If he completes two years of advanced training at a technical college, Cummins said, that student will be well on his way to earning $70,000 a year in job that can never be outsourced.
A survey in January by Automotive Retailing Today, an auto dealer trade association, found 37,329 service jobs open in the United States, 8,461 of them in the Southeast.
And that’s just at auto dealerships, said Denise Patton-Pace, the association’s director. Many more jobs are open at independent auto repair shops and with companies operating fleets of cars and trucks.
“If you open the paper, you will see mechanic jobs advertised in probably half the dealerships,” said Carter Myers of Charlottesville, Va., who owns five dealerships and is the association’s incoming national chairman. “We found you almost have to train them and grow them yourself.”

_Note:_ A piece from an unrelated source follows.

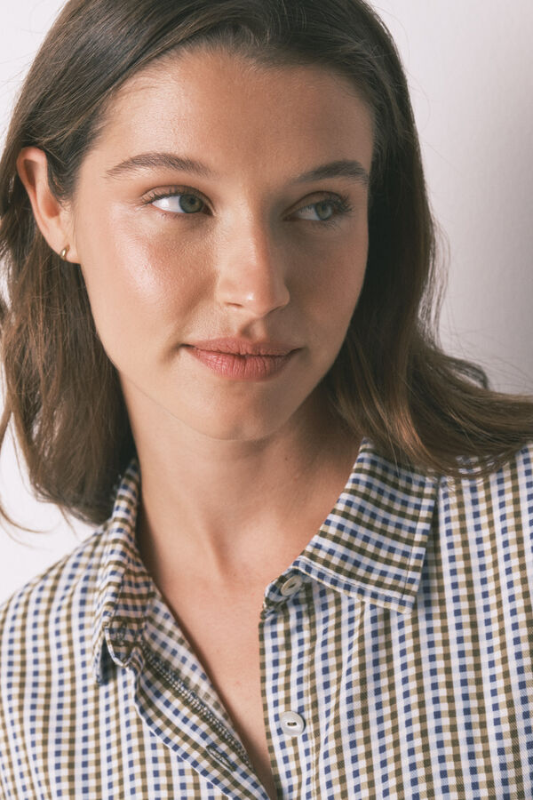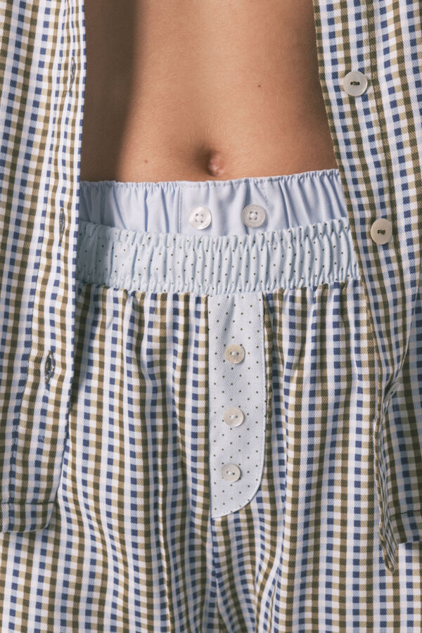 - Parte de arriba con cuello camisero, botones a tono, bolsillo en el pecho y canesú en la espalda. - Pantalón con estampado a cuadros y cinturilla con estampado de topos a contraste con tapeta y botones en la bragueta. - Al elegir nuestros productos de algodón, estás apoyando nuestra inversión en la iniciativa “Better Cotton”.

To meet the demand, automakers and dealers have allied with high school vocational programs to create a European-style apprenticeship system that moves students back and forth from the classroom to the repair shop.
Now in 430 high schools in 46 states, Automotive Youth Education Systems provides equipment, teacher training, and, most important, apprenticeships. A high school student works with a senior auto technician mentor after school and during the summer between his junior and senior years.

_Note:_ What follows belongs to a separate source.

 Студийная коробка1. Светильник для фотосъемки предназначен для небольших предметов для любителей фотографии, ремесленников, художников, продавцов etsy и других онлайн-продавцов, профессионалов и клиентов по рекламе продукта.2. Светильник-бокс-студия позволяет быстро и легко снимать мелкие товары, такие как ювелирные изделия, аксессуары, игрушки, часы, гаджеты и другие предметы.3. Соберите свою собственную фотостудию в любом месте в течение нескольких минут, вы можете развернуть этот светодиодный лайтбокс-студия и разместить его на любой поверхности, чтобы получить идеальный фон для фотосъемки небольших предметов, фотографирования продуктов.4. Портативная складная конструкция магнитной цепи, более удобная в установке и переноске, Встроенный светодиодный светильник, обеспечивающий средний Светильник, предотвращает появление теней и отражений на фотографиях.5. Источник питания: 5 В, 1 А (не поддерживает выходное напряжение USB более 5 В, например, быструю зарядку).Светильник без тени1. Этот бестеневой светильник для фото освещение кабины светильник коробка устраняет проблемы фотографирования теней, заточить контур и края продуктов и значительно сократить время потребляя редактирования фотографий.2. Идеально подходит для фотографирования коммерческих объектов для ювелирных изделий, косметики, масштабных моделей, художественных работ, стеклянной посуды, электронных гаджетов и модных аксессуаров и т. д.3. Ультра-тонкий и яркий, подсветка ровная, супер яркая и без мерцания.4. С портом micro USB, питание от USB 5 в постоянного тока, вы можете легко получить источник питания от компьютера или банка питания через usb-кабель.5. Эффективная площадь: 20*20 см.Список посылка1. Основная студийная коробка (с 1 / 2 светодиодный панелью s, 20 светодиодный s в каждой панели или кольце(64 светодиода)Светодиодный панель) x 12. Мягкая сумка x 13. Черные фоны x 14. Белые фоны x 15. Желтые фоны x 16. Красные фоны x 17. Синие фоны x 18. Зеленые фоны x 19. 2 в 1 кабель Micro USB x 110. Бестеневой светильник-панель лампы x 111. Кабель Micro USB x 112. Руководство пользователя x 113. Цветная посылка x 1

Today’s technicians spend as much time working on a car’s advanced computer system as getting his hands dirty under the chassis. They are learning to fix technically advanced hybrid cars, and fuel cell cars are just over the horizon. The opportunities draw students who have an engineering bent.
“The automobile today is nothing more than a rolling physics lab with a lot of computers in it,” said Sloan at R.D. Anderson Applied Technology Center. “These kids are the computer generation. They grab the technology and go fast with it.”
What is key to the AYES program is the apprenticeship where high schools and auto dealerships work together. Some educators say it provides a model for how other trades and industries should be working with high schools.
Adam Thornburg, another senior in Sloan’s class, said he learned a lot working on cars with his father, a former mechanic. But apprenticing at the Ferrell dealership was something different.
“I got tons and tons of experience,” he said. “I watched everything my mentor did. By the second or third time, I was helping, and eventually I could do it myself with little supervision.”
Girls still make up a small percentage of the students, but they are in demand.
“They still think of auto service as a get-their-nail-dirty kind of thing,” said Ed Dellinger, supervisor for career and technical education for Lynchburg, Va. city schools.
But he is often “bombarded” by the automotive service schools offering women free tuition, a place to live and a guaranteed job after graduation.
“It’s embarrassing sometimes that we just don’t have enough students for the jobs,” said Bud Brueggeman, director of the automotive program at Tidewater Community College in Norfolk, Va., which is opening a new automotive building next year to expand the number of student from fewer than 300 to 500.
“If they want to work, they will work,” he said. “There are a lot of jobs that go begging.”